Another example (e.g., example 2) relates to a previously described example (e.g., example 1), wherein the sibling task is a virtual thread of the sibling VM.
Another example (e.g., example 3) relates to a previously described example (e.g., examples 1-2), further comprising obtaining workload information on the sibling task from the sibling VM.
Another example (e.g., example 4) relates to a previously described example (e.g., example 3), wherein the primary VM scheduler chooses the broker task to run based on the workload information.
Another example (e.g., example 5) relates to a previously described example (e.g., examples 1-4), further comprising computing a predictive time slice for the broker task and the corresponding sibling task; and communicating the predictive time slice to the hypervisor when the broker task is chosen to run by the primary VM scheduler.
Another example (e.g., example 6) relates to a previously described example (e.g., example 5), wherein the predictive time slice is computed based on timing information obtained from the hypervisor.
Another example (e.g., example 7) relates to a previously described example (e.g., example 6), wherein the timing information comprises a nice value of the broker task and queue information of a hypervisor scheduler.
Another example (e.g., example 8) relates to a previously described example (e.g., examples 5-7), further comprising obtaining a cumulative run time of the sibling task and notifying the hypervisor to preempt the sibling task when the cumulative run time exceeds the predictive time slice.
An example (e.g., example 9) relates to a method for a hypervisor to schedule a plurality of tasks from a primary VM and a sibling VM. The method comprising: creating a sibling task requested by the sibling VM, wherein the sibling task comprises a hypervisor task ID created by the hypervisor; communicating the hypervisor task ID to the primary VM; obtaining a mapping of a broker task to the corresponding hypervisor task ID of the sibling task; and running the sibling task when notified by the primary VM; wherein the broker task triggers the running of the sibling task according to the mapping.
Another example (e.g., example 10) relates to a previously described example (e.g., example 9), wherein the sibling task is a virtual thread of the sibling VM.
Another example (e.g., example 11) relates to a previously described example (e.g., examples 9-10), further comprising providing timing information to the primary VM.
Another example (e.g., example 12) relates to a previously described example (e.g., example 11), wherein the timing information on the sibling task comprises a nice value of the broker task and queue information of a hypervisor scheduler.
Another example (e.g., example 13) relates to a previously described example (e.g., examples 11 or 12), further comprising receiving a predictive time slice for the broker task based on the timing information, wherein the broker task triggers the running of the sibling task according to the predictive time slice.

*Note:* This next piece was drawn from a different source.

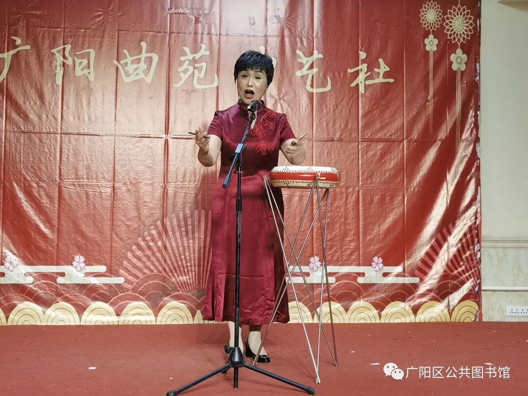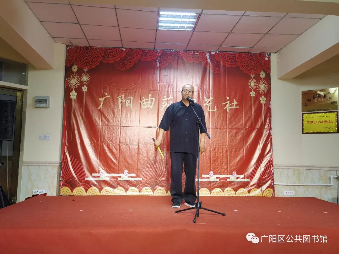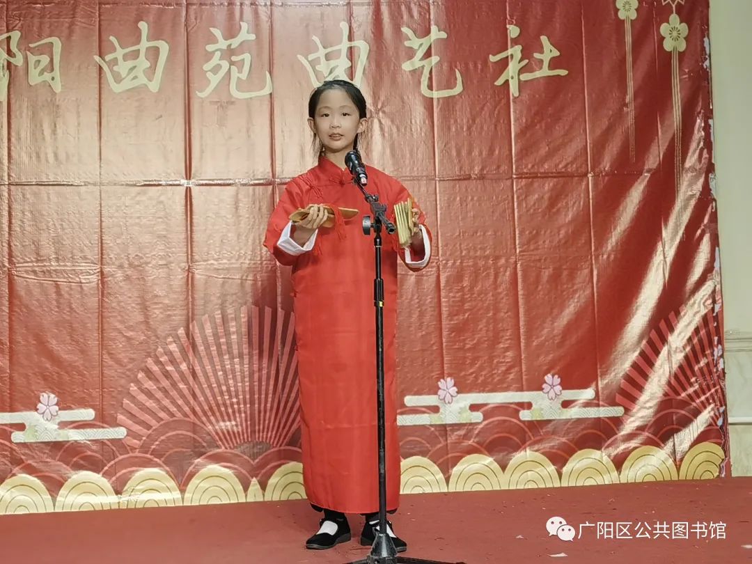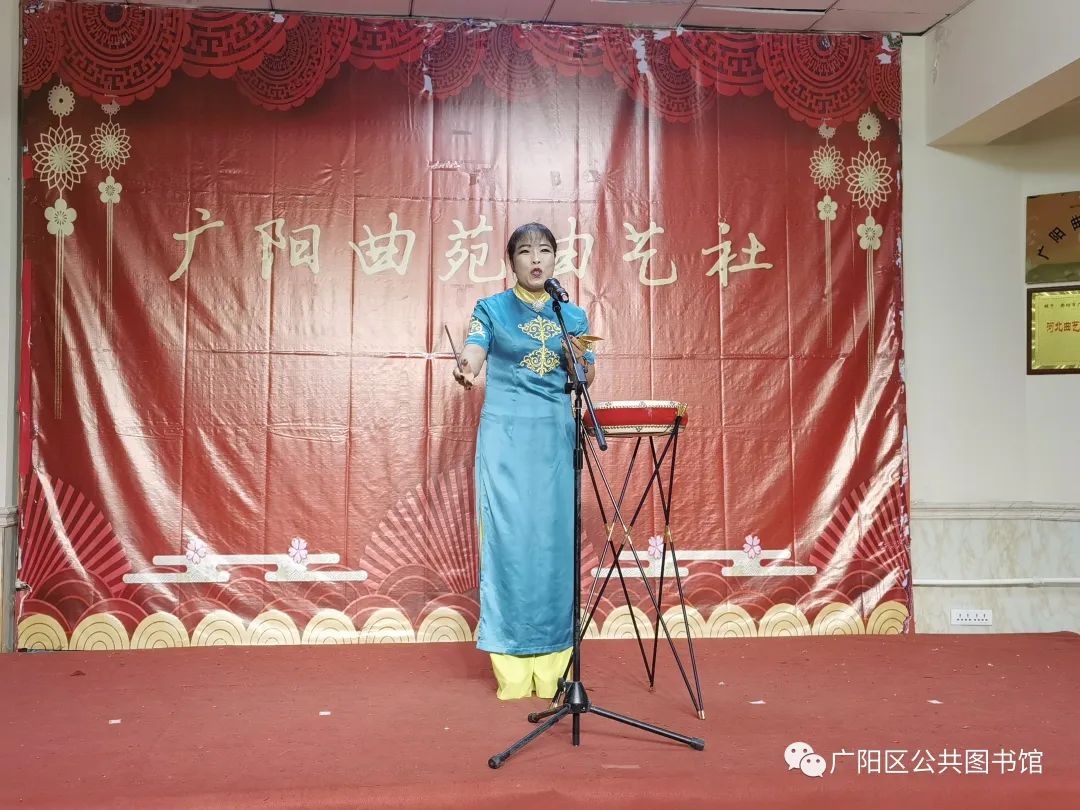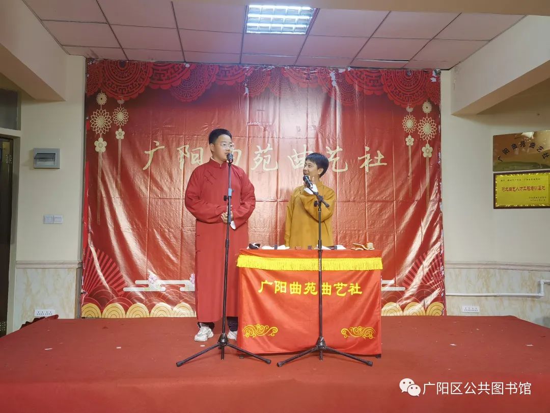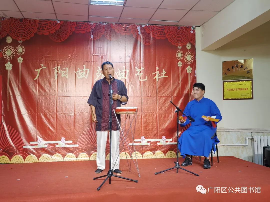 广阳曲苑曲艺社每周五展演,从晚上7点开始,节目形式多样,内容丰富多彩。凡是曲艺节目,都可以登上舞台,一展风采,至今聚集了广阳及周边地区的曲艺爱好者60余人,囊括快板、天津快板、京东大鼓、西河大鼓、相声、竹板书、太平歌词、评书等曲种。

Another example (e.g., example 14) relates to a previously described example (e.g., examples 9-13), further comprising providing a cumulative run time of the sibling task to the primary VM.
Another example (e.g., example 15) relates to a previously described example (e.g., examples 1-14), wherein the primary VM communicates with the hypervisor via a set of virtual registers.
Another example (e.g., example 16) relates to a previously described example (e.g., example 15), wherein the primary VM both receives the hypervisor ID and provides the mapping via the set of virtual registers.
Another example (e.g., example 17) relates to a previously described example (e.g., examples 15 or 16), wherein the virtual registers are virtual model-specific registers defined by a virtual machine monitor.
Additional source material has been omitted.